Exercise description
Using the data below, restate exactly every line from the one with "50 HP BOOSTER PUMP" up to and including the one with "ಡಾ| ಅಶ್ವತ್ಥ ನಾರಾಯಣ". No picture belongs in it.

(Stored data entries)
-- Opening Marker --

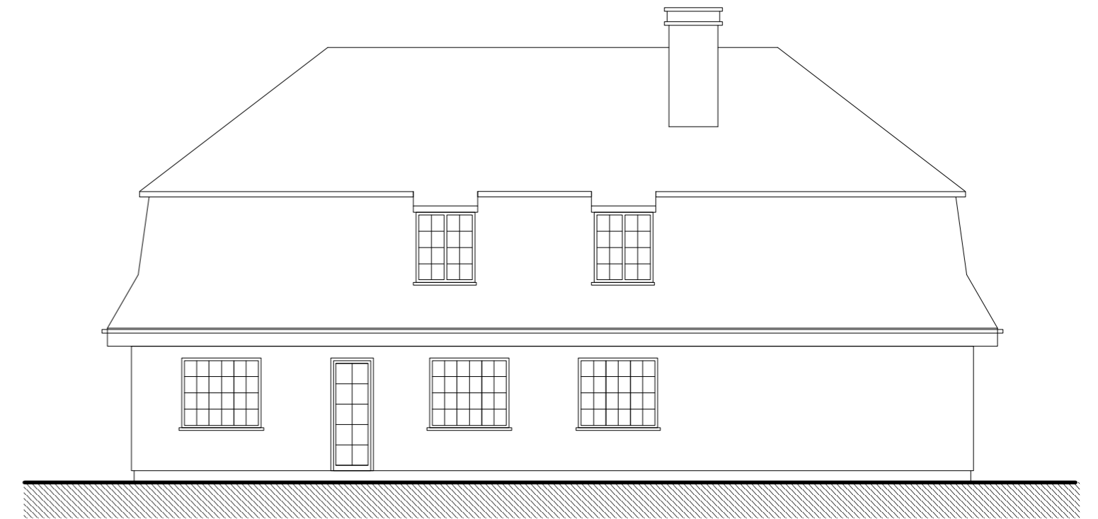
Existing Side Elevation (East)
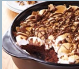
Rockcrok® Everyday Pan $119 $47.60 S'MORE CAKE
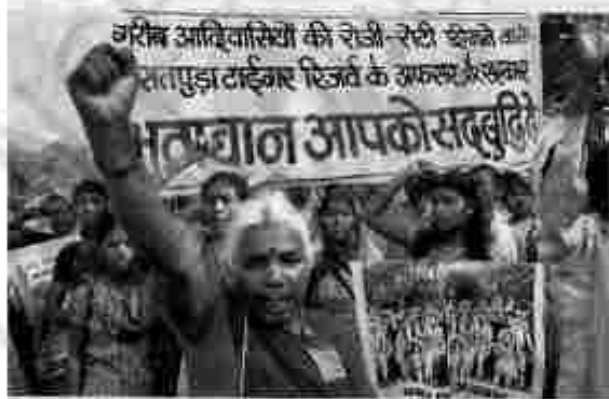
Struggles of the tribals continue

We will not be able to go into any detailed account of the different movements. We take Jharkhand as an example of a tribal movement with a history that goes back a hundred years. We also briefly touch on the specificity of the tribal movements in the North East but fail to deal comprehensively the many differences that exist between one tribal movement and another within the region.
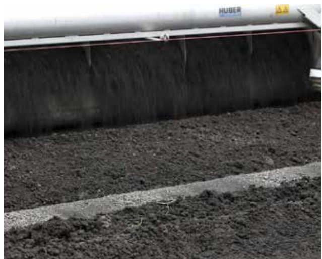
The HUBER Sludge Turner SOLSTICE® ensures an optimal drying bed – the sludge is spread, granulated, aerated, turned and backmixed.
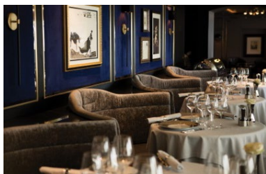
Prime 7 美式扒房

麗晶七海郵輪的精緻美饌亦一直享譽業界，其中船上的扒房 Prime 7 使用玻璃、金屬和花崗岩精心裝飾，在各方面都彰顯出經典格調，豪華品質。而旗艦主餐廳 Compass Rose 則在設計時頗為用心，採用精美的木材與淺色大理石和閃亮的珍珠母互相映襯，配以藍色、白色、金色和銀色的燈光色彩，顯得極為雅致。配合船上的精選佳釀，勢必滿足您對美食的完美追求。加上 Pacific Rim 為客人提供了亞洲菜式，令船上的餐膳選擇更趨多元化以滿足你對不同地方美食的追求。
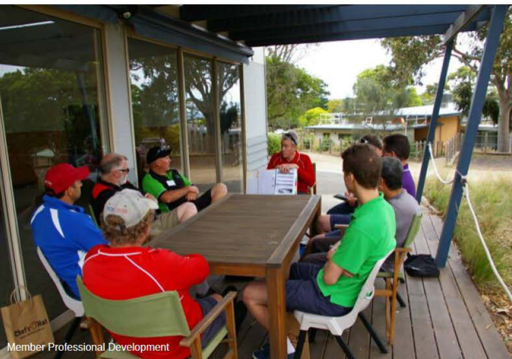
Member Professional Development
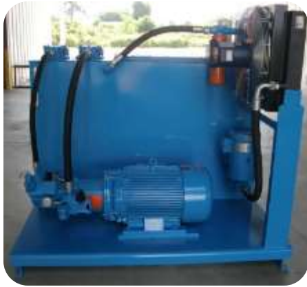
50 HP BOOSTER PUMP
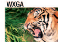
1280 x 800 Offers the highest quality and is ideal for widescreen (16:10 aspect ratio) display
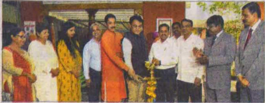
ಡಾ| ಅಶ್ವತ್ಥ ನಾರಾಯಣ ಅವರು ಉದ್ಘಾಟನೆಯ ಅಂಗವಾಗಿ ದೀಪ ಬೆಳಗಿಸಿದರು.

ಶಿಕ್ಷಣ ಸಂಸ್ಥೆ ಮತ್ತು ಕೈಗಾರಿಕೆ ಸಹ ಕಾರ, ಇಂಟರ್ ನೆಟ್‌ನಲ್ಲಿ ಸಮಗ್ರ ಬದಲಾವಣೆ ಮಾಡಲಾಗುವುದು. ರಾಷ್ಟ್ರೀಯ ಶಿಕ್ಷಣ ನೀತಿ ಜಾರಿಗೊಳಿಸುವುದರಿಂದ ಎಂಜಿನಿಯರಿಂಗ್ ಕಾಲೇಜುಗಳು ಎದುರಿಸುತ್ತಿರುವ ಸಮಸ್ಯೆಗಳಿಗೆ ಪರಿಹಾರ ಸಿಗಲಿದೆ
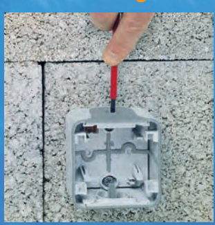
1/ Pierce the end cap using a screwdriver

-- Closing Marker --

Written response
50 HP BOOSTER PUMP
1280 x 800 Offers the highest quality and is ideal for widescreen (16:10 aspect ratio) display
ಡಾ| ಅಶ್ವತ್ಥ ನಾರಾಯಣ ಅವರು ಉದ್ಘಾಟನೆಯ ಅಂಗವಾಗಿ ದೀಪ ಬೆಳಗಿಸಿದರು.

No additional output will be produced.